Choose Your Own Adventure

Remember those “Choose Your Own Adventure” books? choose-your-own-adventureThe concept of cascading DropDown’s is kind of a “Choose Your Own Adventure” UI paradigm. A narrowing set of choices. You start with an initial DropDown list. As you select the first option, the second DropDown then gives you choices based upon your selection in the first DropDown. A prime example is the whole Country/State scenario. You select your country and if you select the US, it gives you a DropDown of states to select from. If you select a different country, you might choose a province instead. This is very helpful for the user because it is intelligently funneling them down a certain decision path based on choices they have made previously. 

Working From Bottom To Top

I think it’s actually easier to understand how Kendo UI Widgets work if you start at the back and work your way forward. In my case, I’m going to be using Northwind data in MySQL and some pretty simple PHP. Nothing fancy.

The first thing we need to do is to define the flow.

In the Northwind database, one category has many products, and each product has zero to many orders. We can cascade the data in that direction on our page

categories -> products -> orders

Now the way you might normally get your data into a drop down list in PHP might look a little something like this…

Traditional DropDown

<select>
<?php
    include("data/connection.php");

    $arr = array();

    foreach($db->query("SELECT CategoryID, CategoryName FROM Categories") as $row) {
        echo "<option value='$row[CategoryID]'>$row[CategoryName]</option>";
    }
?>
</select>

 

This is fine and renders a straight HTML DropDown list on the page. Note that I abstracted my connection info away into a different file and just included it. This is just to reduce the code smell. :)

The first thing we need to do to wire this same data up as a Kendo UI DropDown is to create a file which will return us the data as JSON. The file that you are going to create needs to be in a web accessible location. I put mine in a data directory which is accessible by the browser. Returning the data as JSON is pretty easy using the json_encode PHP function.

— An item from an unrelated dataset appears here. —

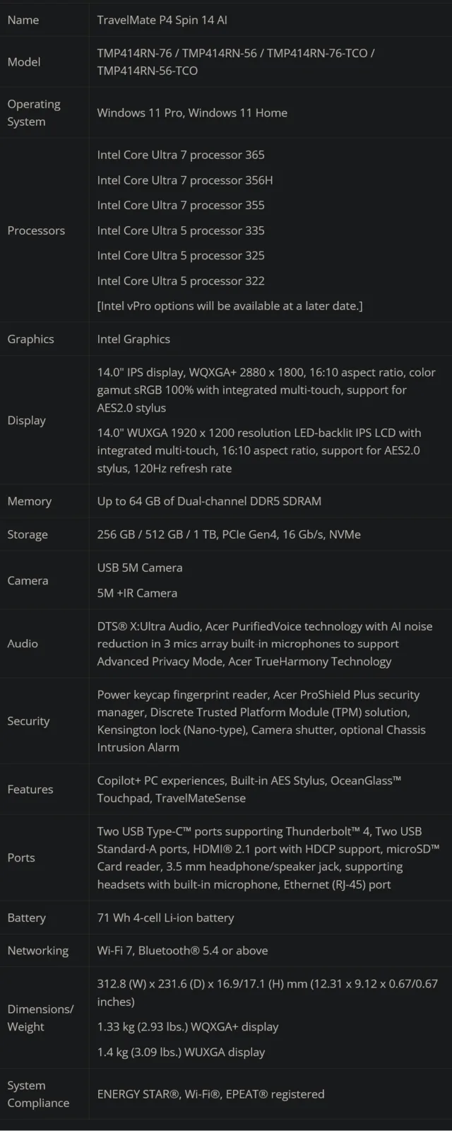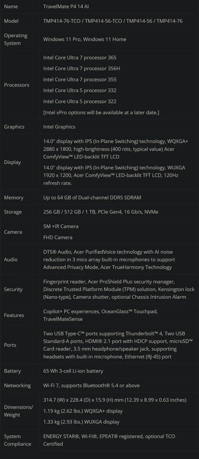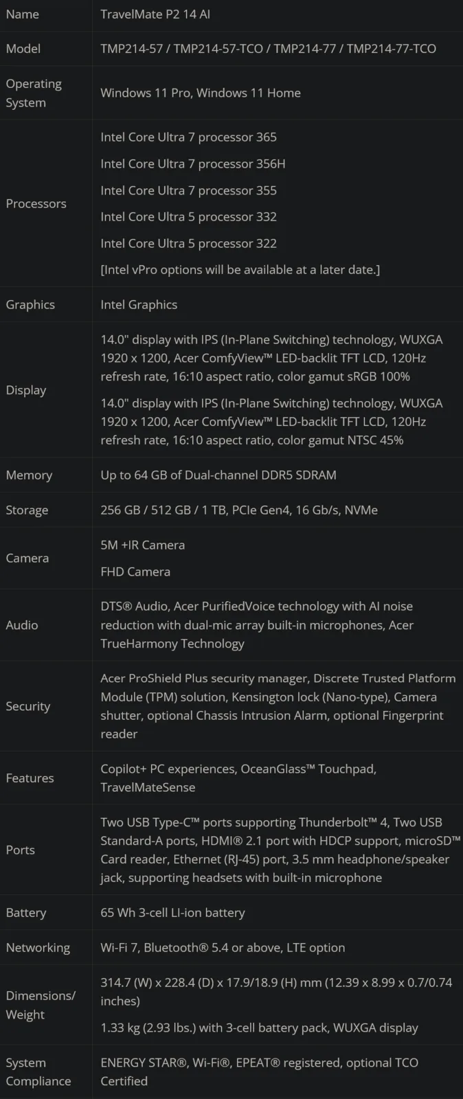Что касается выбора процессора, то все модели, кроме кабриолета, могут быть оснащены процессором Intel Core Ultra 7 365 / 356H / 355 или Core Ultra 5 332 / 322 процессор. TravelMate P4 Spin 14 AI также может быть оснащен Intel Core Ultra 5 335 / 325но отказывается от опции процессора Intel Core Ultra 5 332. Объем оперативной памяти увеличивается до 64 ГБ DDR5, а варианты хранения данных включают 256 ГБ, 512 ГБ и 1 ТБ PCIe 4.0 NVMe SSD для всех моделей

I am using PDO to query the database (for security reasons we’ll discuss in a moment), so I put the results in an array before serializing it as JSON. I also put all of the results under a “data” element. This isn’t required, it’s just a good idea to have your repeating data elements in a spot that you can remember within the JSON response. Having them at the top level is fine, but if you need to add some more top level data, you have to move the results to a top level variable.

Return Categories As JSON

<?php
    include("connection.php");

    $arr = array();

    foreach($db->query("SELECT CategoryID, CategoryName FROM Categories") as $row) {
        $arr[] = $row;
    }

    // add the header line to specify that the content type is JSON
    header("Content-type: application/json");

    echo "{\"data\":" .json_encode($arr). "}";
?>

 

This file is now accessible to the browser and you can call it just by entering the URL. For me, that looks like this:

http://localhost/cascadingDropDowns/data/categories.php

This will return the JSON results to you. Depending on which browser you are using, you may see the results displayed, or your browser may try and download a .json file. I believe Internet Explorer does this by default. In Chrome for instance, you would see this when hitting that URL:

categories_json

Now that you have some data available, you can open or create an index.php or index.html file and create the first Kendo UI DropDown List.

The First Of 3

We are going to be using 3 different controls in this post, throwing in a bit of flash at the end. It will follow the cascading DropDown Demo for a while and then diverge a bit.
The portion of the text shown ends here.